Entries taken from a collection
= = = = =
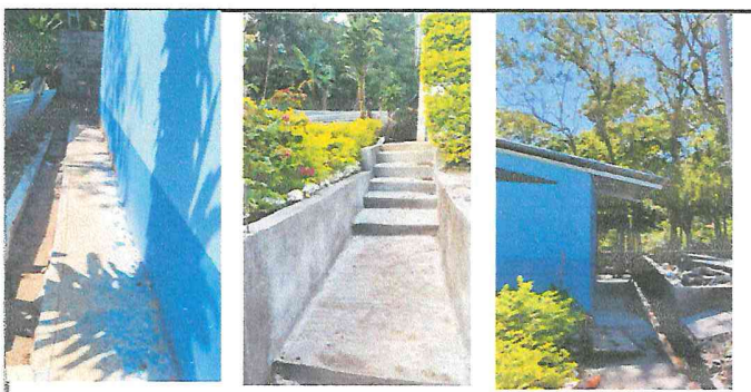
Foto 6: Reparación de cunetas y banquetas, quedando de esta forma el trabajo que se realizó.--

Observación: Si es necesario se pueden agregar hojas adicionales y actualizar el número de hojas.
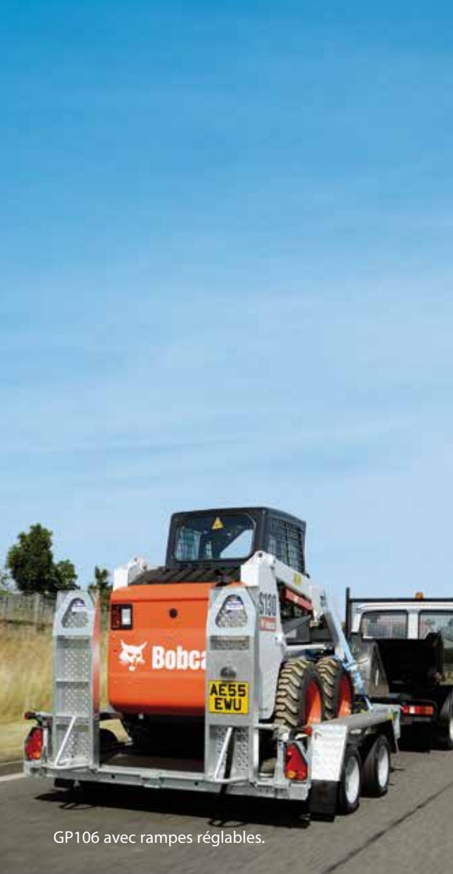
GP106 avec rampes réglables.

La conception des produits, les descriptions, les couleurs, les caractéristiques techniques etc. sont donnés à titre indicatif et peuvent varier à tout moment sans avis préalable. Comme nous nous efforçons constamment d'améliorer nos produits, il se produit de temps en temps des changements dans notre gamme ou sur certains modèles. Merci de vous assurer que les informations et caractéristiques techniques décrites dans cette brochure sont encore valables au moment où vous passez votre commande. Nos concessionnaires possèdent une connaissance approfondie de nos produits et seront heureux de vous aider à choisir votre remorque.
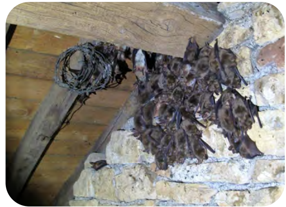
Grappe de Grands murins sur le pignon
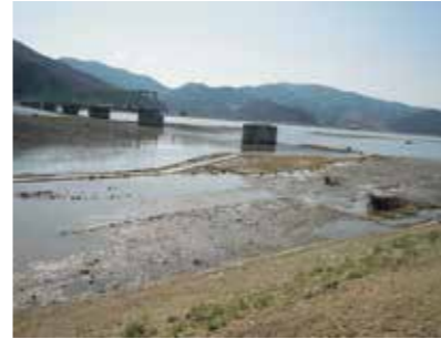
▲東日本大震災災害支援
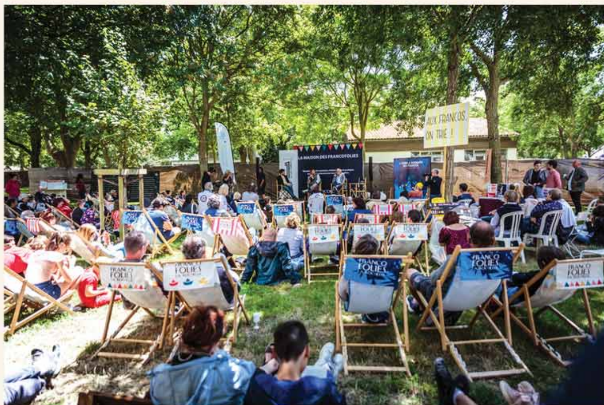
Conversations entre Daniel Auteuil et Yannick Bestaven - Francofolies 2021

Agissons ensemble. Menons ensemble le changement !
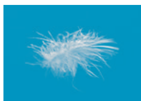
Peluria con piumette
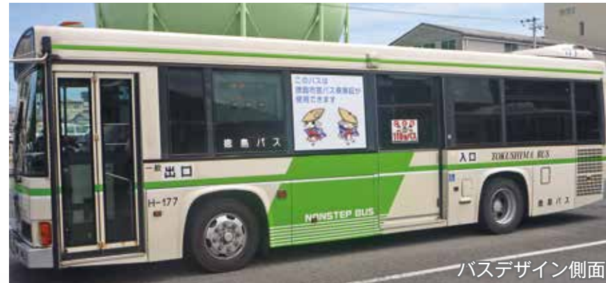
バスデザイン側面

A 徳島バスの車両で運行しますが、他の徳島バスの車両と区別するため、写真(イメージ)のような専用車両で運行します。
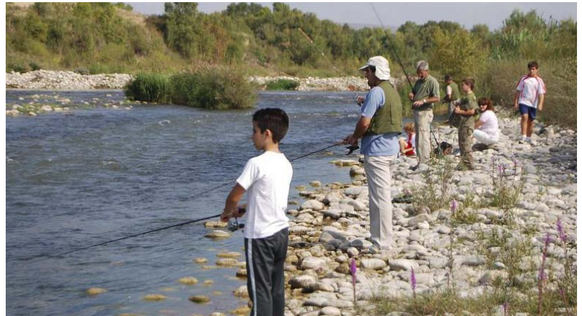
Cursillo de iniciación a la pesca en el río Cinca. JOSÉ LUIS PANO
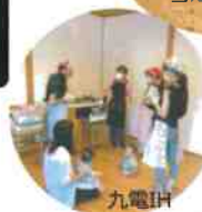
九電研 クッキング教室
= = = = =
▸ **WHAT THIS TASK INVOLVES**:
Could you reproduce all of the data above exactly and skip any image?

▸ **YOUR RESPONSE**:
Foto 6: Reparación de cunetas y banquetas, quedando de esta forma el trabajo que se realizó.--

Observación: Si es necesario se pueden agregar hojas adicionales y actualizar el número de hojas.
GP106 avec rampes réglables.

La conception des produits, les descriptions, les couleurs, les caractéristiques techniques etc. sont donnés à titre indicatif et peuvent varier à tout moment sans avis préalable. Comme nous nous efforçons constamment d'améliorer nos produits, il se produit de temps en temps des changements dans notre gamme ou sur certains modèles. Merci de vous assurer que les informations et caractéristiques techniques décrites dans cette brochure sont encore valables au moment où vous passez votre commande. Nos concessionnaires possèdent une connaissance approfondie de nos produits et seront heureux de vous aider à choisir votre remorque.
Grappe de Grands murins sur le pignon
▲東日本大震災災害支援
Conversations entre Daniel Auteuil et Yannick Bestaven - Francofolies 2021

Agissons ensemble. Menons ensemble le changement !
Peluria con piumette
バスデザイン側面

A 徳島バスの車両で運行しますが、他の徳島バスの車両と区別するため、写真(イメージ)のような専用車両で運行します。
Cursillo de iniciación a la pesca en el río Cinca. JOSÉ LUIS PANO
九電研 クッキング教室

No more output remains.